** Available data **
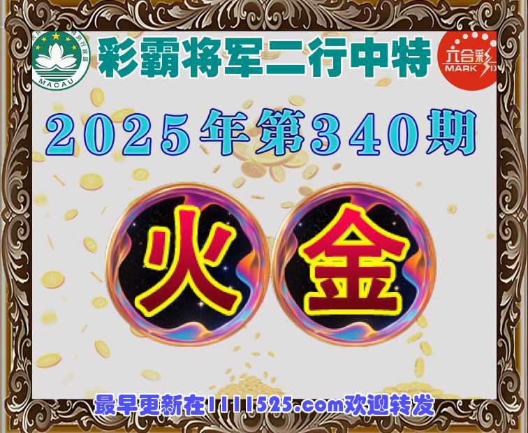 340期:《彩霸将军》  ♣️二行中特 ♣️【火.金】开:木16
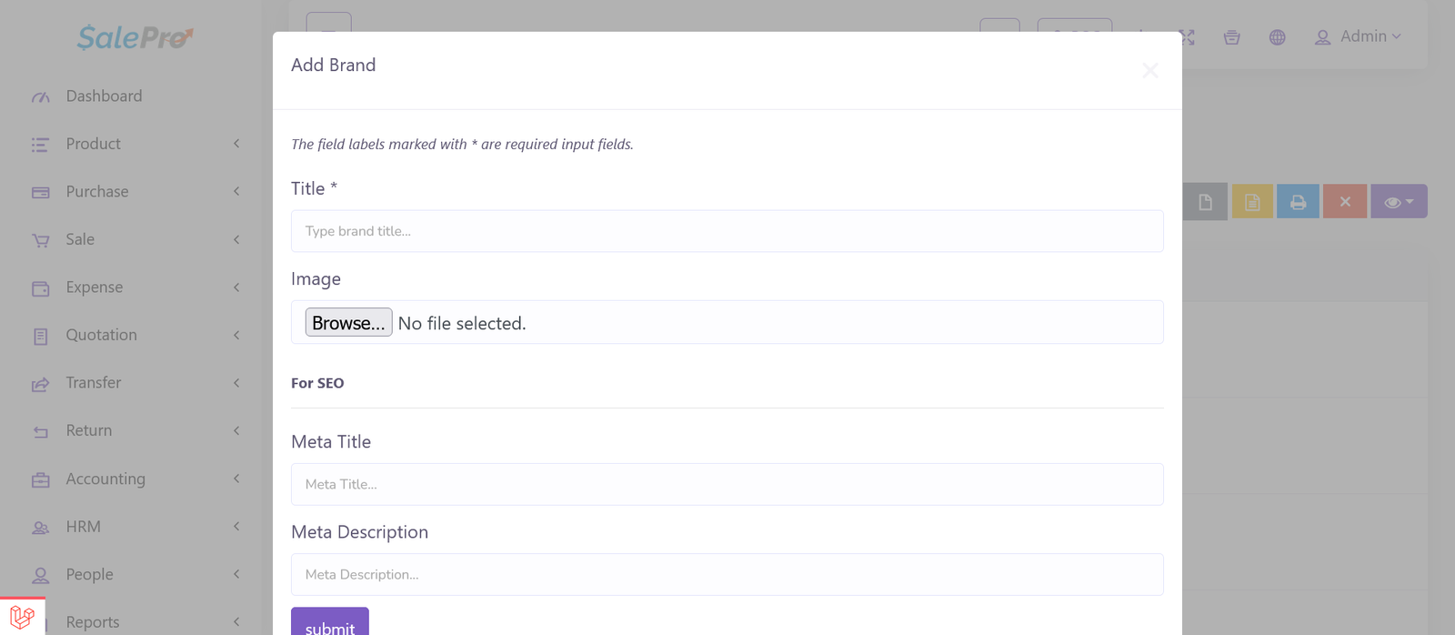 Brand add/edit options are just like SalePro. Few eCommerce specific input fields are added. These input options are listed right at the bottom of the ‘Add Brand’ modal on ‘Brand’ page in your admin panel. While adding/editing a brand, please insert unique meta title and meta description for that specific brand. These information will help serch engines to index/list the pages on their search results, thereby improve your sales potential.
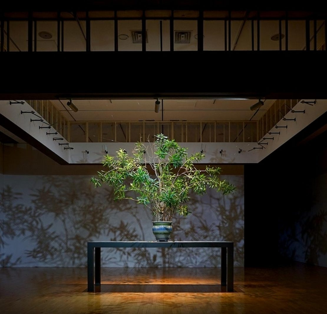 1986年出生的莊志維,畢業於台北藝術大學新媒體藝術研究所和交通大學建築所。參展作品《轉生樹》的靈感來自於在日本駐村期間觀察到季節變化中植物的自體調節。延續先前思考的生物材料與非生物材料之間的關係,藉由人工機械外力牽引著植物這株生命體,植物柔弱的生命面對機械機構的剛硬與暴力,看似殘忍卻反映著現實生活中的拉扯與無可奈何。隨著展期的推進,隨著空間光影的變化,時間藏匿其中。緩慢地,植物與機械機構形成共生關係。《轉生樹》詩意又切題地,通過藝術家的敏銳眼光,反思亞洲的生態環境議題,一個迫切需要我們關注的無止盡複雜問題。
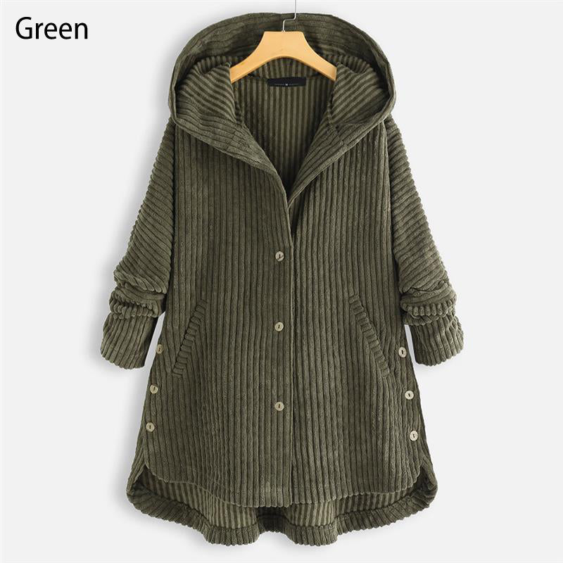Avslappnad Enfärgad Tjock Kappa med Huva och Knappstängning

** Task to complete **
The answer must be an exact copy of the lines from the one with "1986年出生的莊志維,畢業" through the final line above, both ends included, and nothing else; pictures stay out.

** Answer to this exercise **
 1986年出生的莊志維,畢業於台北藝術大學新媒體藝術研究所和交通大學建築所。參展作品《轉生樹》的靈感來自於在日本駐村期間觀察到季節變化中植物的自體調節。延續先前思考的生物材料與非生物材料之間的關係,藉由人工機械外力牽引著植物這株生命體,植物柔弱的生命面對機械機構的剛硬與暴力,看似殘忍卻反映著現實生活中的拉扯與無可奈何。隨著展期的推進,隨著空間光影的變化,時間藏匿其中。緩慢地,植物與機械機構形成共生關係。《轉生樹》詩意又切題地,通過藝術家的敏銳眼光,反思亞洲的生態環境議題,一個迫切需要我們關注的無止盡複雜問題。
Avslappnad Enfärgad Tjock Kappa med Huva och Knappstängning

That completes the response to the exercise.